Johnson & Johnson announced updated results from an open-label, multicenter, multi-cohort Phase 1 study of the safety and efficacy of TAR-210, an intravesical targeted releasing system designed to provide sustained, local release of erdafitinib into the bladder, in patients with non?muscle-invasive bladder cancer (NMIBC) with select FGFR alterations. These data were featured in an Oral Presentation Session (Abstract # PD48-02) at the 2024 American Urological Association (AUA) Annual Meeting taking place May 3-6, 2024, in San Antonio, Texas. Results featured updated data from Cohort 1 (C1), patients with recurrent, Bacillus Calmette-Guérin (BCG)?unresponsive high-risk (HR) NMIBC (high-grade Ta/T1; papillary only) who refused or were ineligible for radical cystectomy and Cohort 3 (C3), patients with recurrent, intermediate-risk NMIBC (Ta/T1) low-grade papillary disease left in situ as tumor marker lesions.

First results were featured at the European Society for Medical Oncology 2023 Congress, with interim results presented at the European Association of Urology (EAU) 2024 Annual Congress. At the data cutoff of March 22, 2024, 64 patients had been treated with TAR-210 across the 2 cohorts. Of the 21 patients in C1 with HR-NMIBC, the 12-month recurrence-free (RF) survival rate was 90%.

In C3, 31 patients were efficacy evaluable with a complete response (CR) rate of 90%. The most common treatment emergent adverse events (TEAEs) were Grade 1/2 lower urinary tract events. There were no dose-limiting toxicities and no deaths.
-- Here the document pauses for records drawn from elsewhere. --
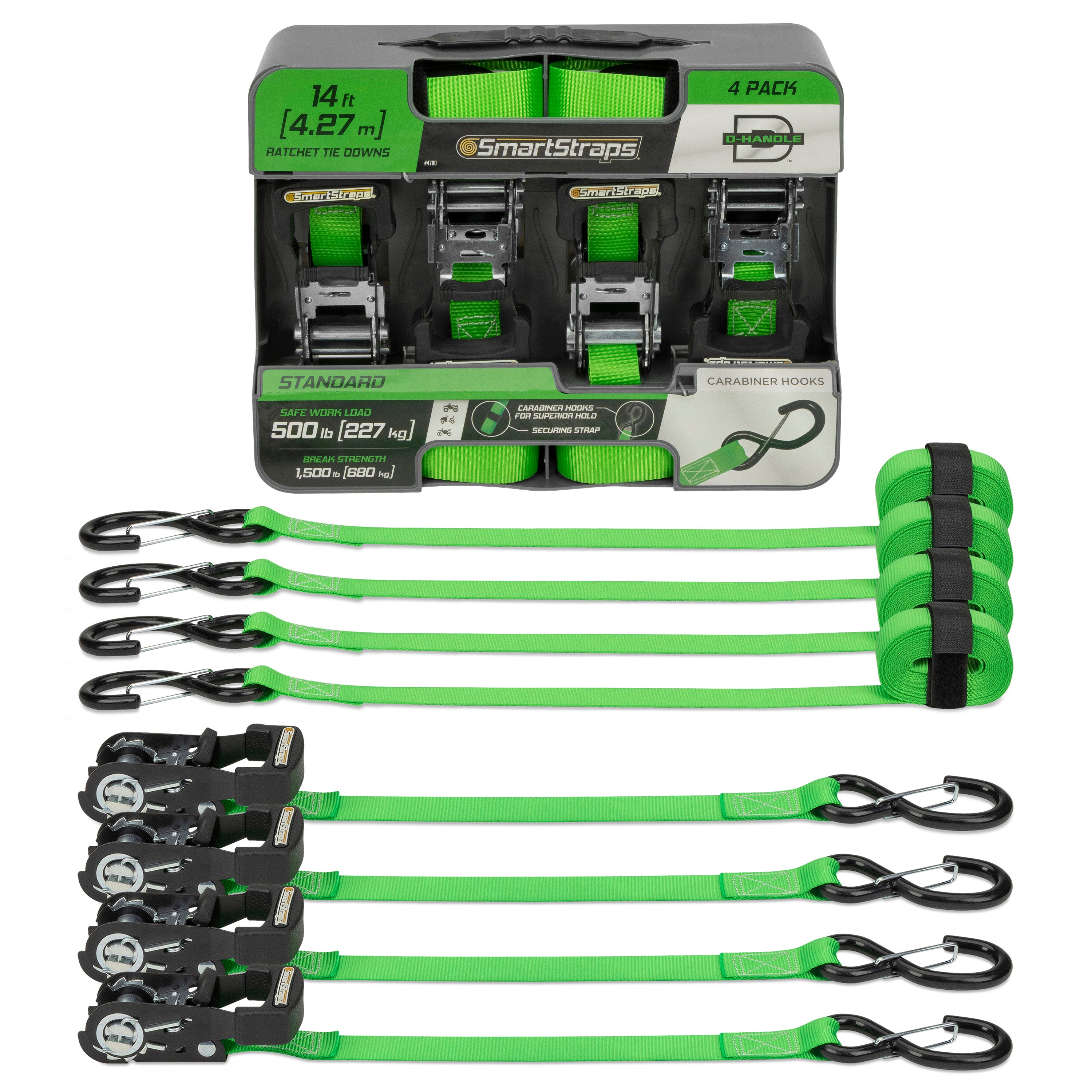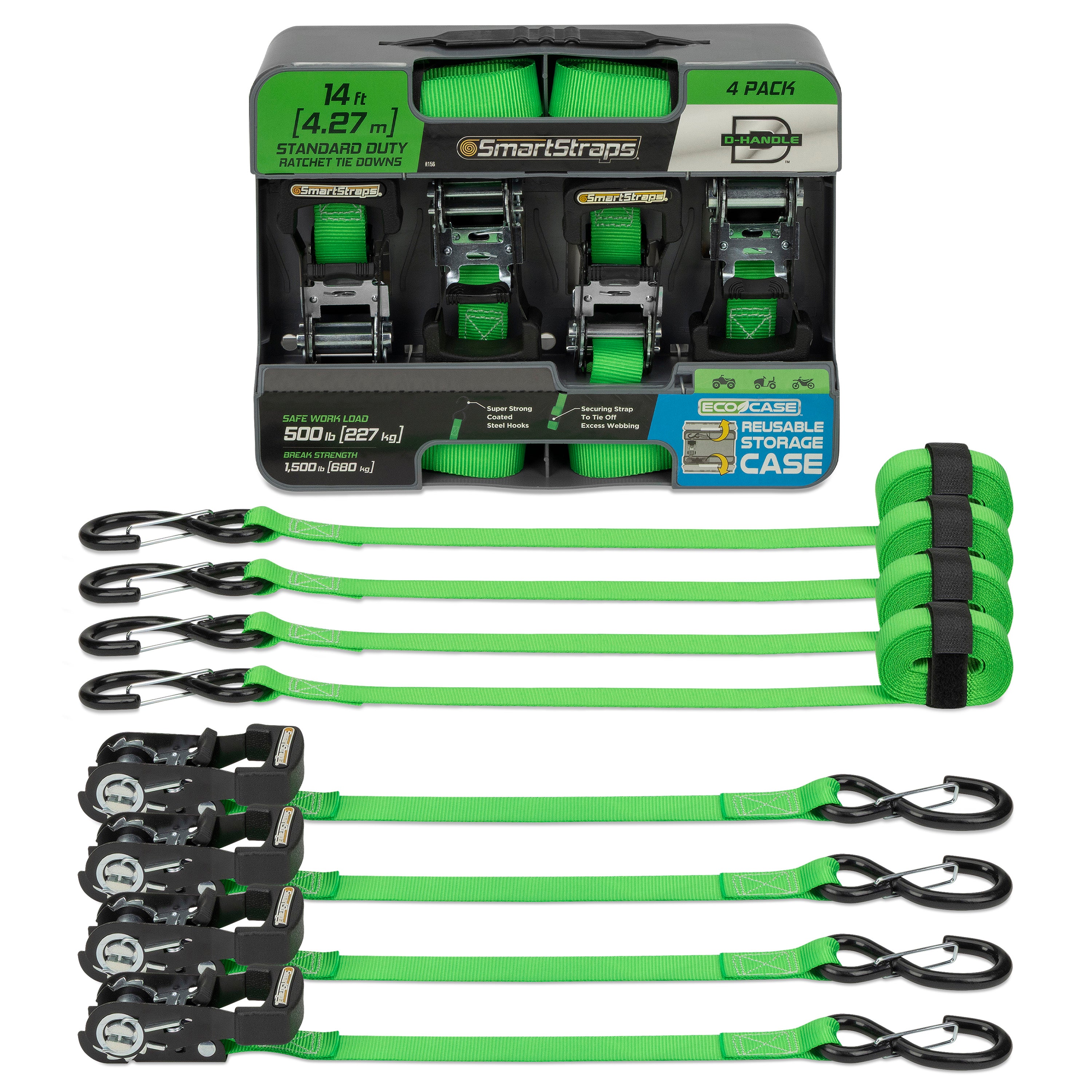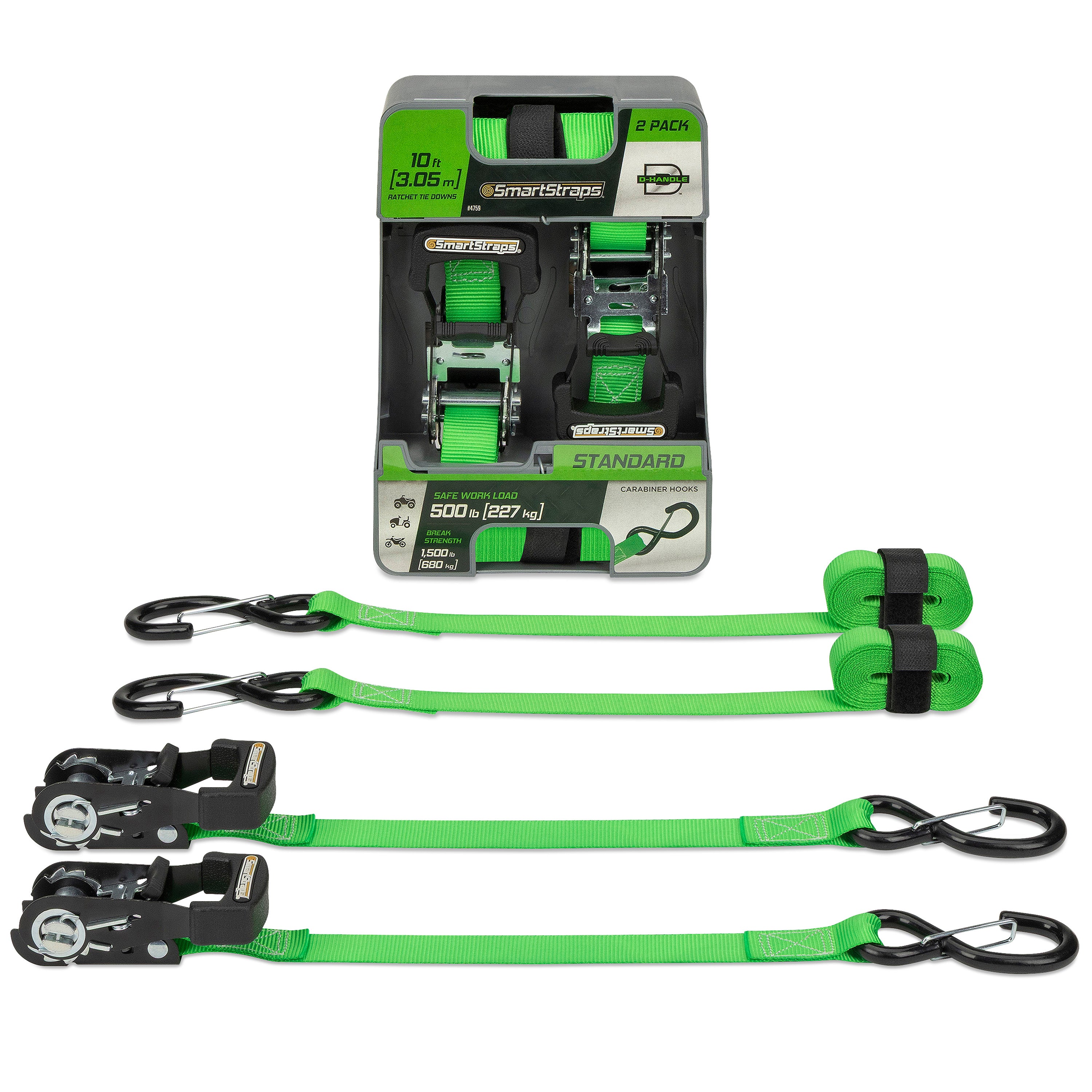The SmartStraps Padded D-Handle ratchet tie down is a standard duty tie down used for securing lighter loads often often hauled in a pick-up truck or on a small trailer such as dirt bikes, ATVs, and lawn tractors. Stronger and more user friendly than standard ratchet tie downs. Includes a convenient securing strap to make it easy to tie off excess webbing or to keep your straps bundled after use and has extra long webbing on the attachment end for hard-to-reach anchor points. Also available with gated (carabiner) hooks.
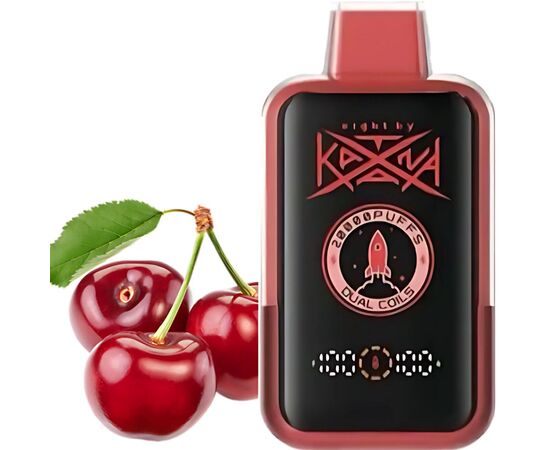 Електронна сигарета Katana 20000 Black Cherry (Чорна Вишня) характеризується великим запасом рідини з сольового нікотину, якої у середньому має вистачити на 20000 затяжок. Працює одноразка на батареї, що перезаряджається, ємністю 850 мАг. Пристрій має зручну систему індикації на екрані внизу лицьової панелі. За випаровування жижі з максимальною ефективністю відповідає подвійний койл. Під час куріння на вас чекає густа і насичена приємним ароматом пара.
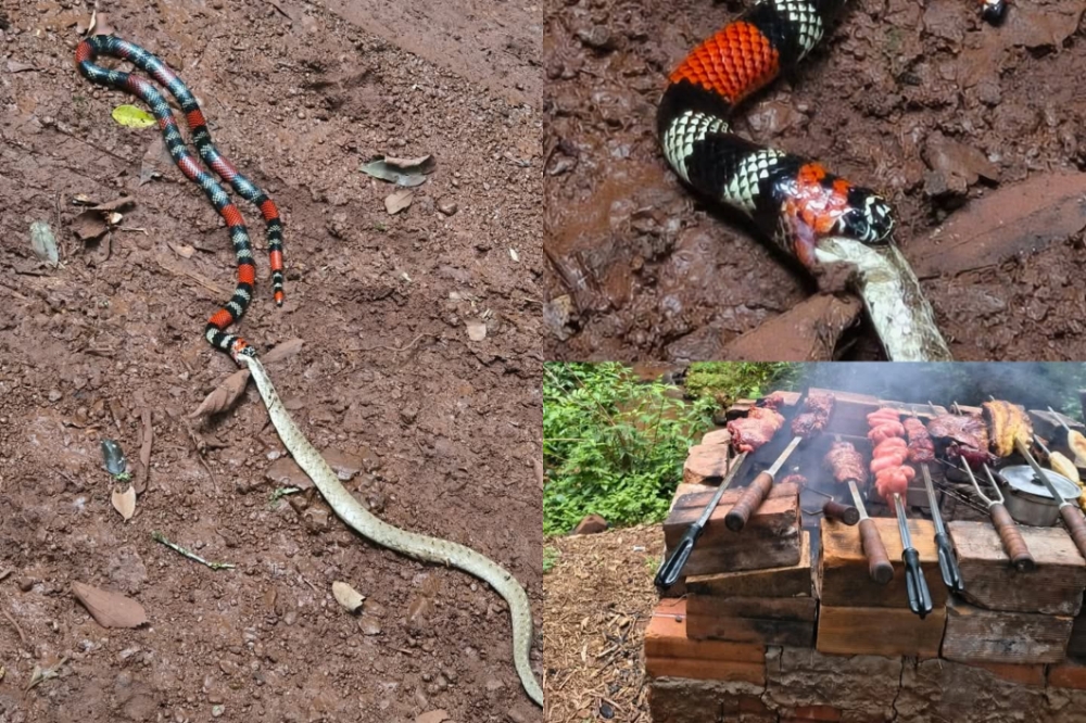 Na Cascata da Saci, na localidade de Lajeado Guerrilha, o grupo presenciou o embate entre uma cobra-coral e uma jararaca.
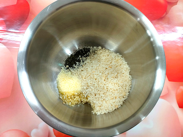 2ボウルに茶葉、粉チーズ、パン粉入れ、オリーブオイルの大さじ2を入れて混ぜ合わせます。

Two patients (3%) discontinued the study due to TEAEs of low-grade urinary symptoms and two patients had serious TEAEs with pyelonephritis and sepsis or UTI and sepsis, respectively. TAR-210 is an investigational targeted releasing system designed to provide sustained local release of erdafitinib. Oral erdafitinib was approved by the U.S. Food and Drug Administration (FDA) as BALVERSA® (erdafitinib) for patients with locally advanced or metastatic urothelial carcinoma (mUC) with susceptible FGFR3 genetic alterations that have progressed on or after at least one line of prior systemic therapy.

BALVERSA® is not recommended for the treatment of patients who are eligible for and have not received prior PD-1 or PD-L1 inhibitor therapy. Bladder cancer ranks as the sixth most prevalent cancer in the U.S., with over 83,000 individuals receiving diagnoses annually.3 NMIBC constitutes approximately 75-85% of these cases.4 Currently, adjuvant intravesical immunotherapy with BCG or intravesical chemotherapy is the standard of care for patients with intermediate- and high-risk NMIBC.5 Between 30 and 40% of patients do not respond to BCG, facing disease recurrence or progression.6 In such scenarios of HR-NMIBC, radical cystectomy (removal of the bladder) emerges as the primary treatment option. This major abdominal procedure requires a urinary diversion to be created to collect and store urine.